I’ve seen some clients approach enterprise architecture as something that is done and then “set and forget”; big mistake. An enterprise architecture is not simply a static document. It is a dynamic, disciplined, ongoing process. Its central focus is on evolving the key operational processes of the enterprise (the enterprise business architecture) and the information systems that support them (the enterprise IT architecture).

By describing the essential, overall design of these architectures as a holistic “system of systems” and by providing the context, guidance, and discipline for the development of the more detailed, system- and service-specific architectures, an enterprise architecture provides a way to translate between business needs and IT capabilities. It shows how the business needs are to be met by the enterprise’s information systems and the information services they provide, thereby creating a bridge that ensures alignment of business and IT.

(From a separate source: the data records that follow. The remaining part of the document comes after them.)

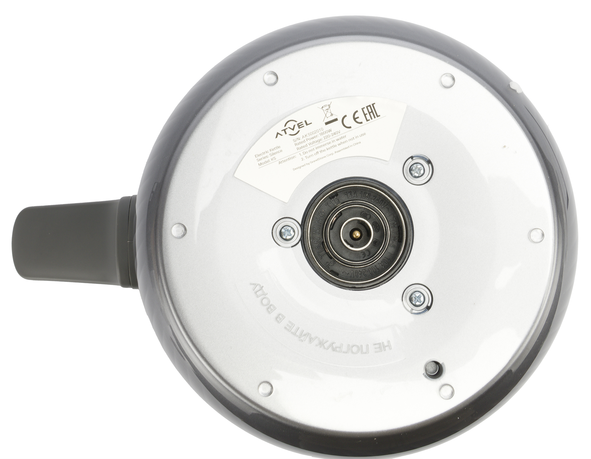 На дне чайника находится шильдик с краткой технической информацией о приборе и контактная группа.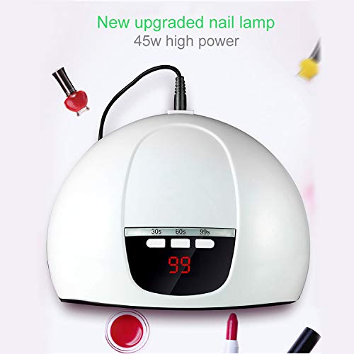 Lampada per unghie da 45 W con 3 timer, anni '30, '60 e '99, dotata di microsfere a LED da 15 pezzi, per asciugare tutti i gel per unghie in modo rapido ed efficace.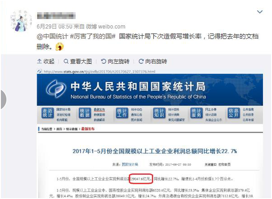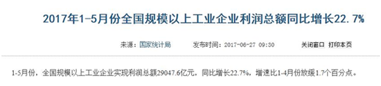 而去年此时,即2017年6月27日,国家统计局发布的数据显示,2017年1-5月份,全国规模以上工业企业实现利润总额为29047.6亿元。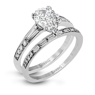 This dazzling wedding set is enhanced by .21 ctw of round white diamonds with side accents of .53 ctw of baguette cut diamonds Center stone not included.

Taking a holistic architectural view of the enterprise helps strike an effective balance across all business and IT imperatives, with a particular emphasis on agility. It helps planners see how the enterprise currently works, and how it could and should work in the future.

  • The strategy provides the overall direction (vision, goals/objectives, and measures) for the enterprise and IT capability, while the architecture describes the operational and information systems as they are, and as they should be to realize the strategy.
  • The IT investment planning aspect of strategic planning (often referred to as “project portfolio management”) uses the architecture to identify initiatives with high strategic value and acceptable risk and adds them to a committed plan of record.
  • Your program management office then drives execution of the initiatives in the plan of record, with reviews against the architecture at appropriate points in the initiatives’ lifecycles.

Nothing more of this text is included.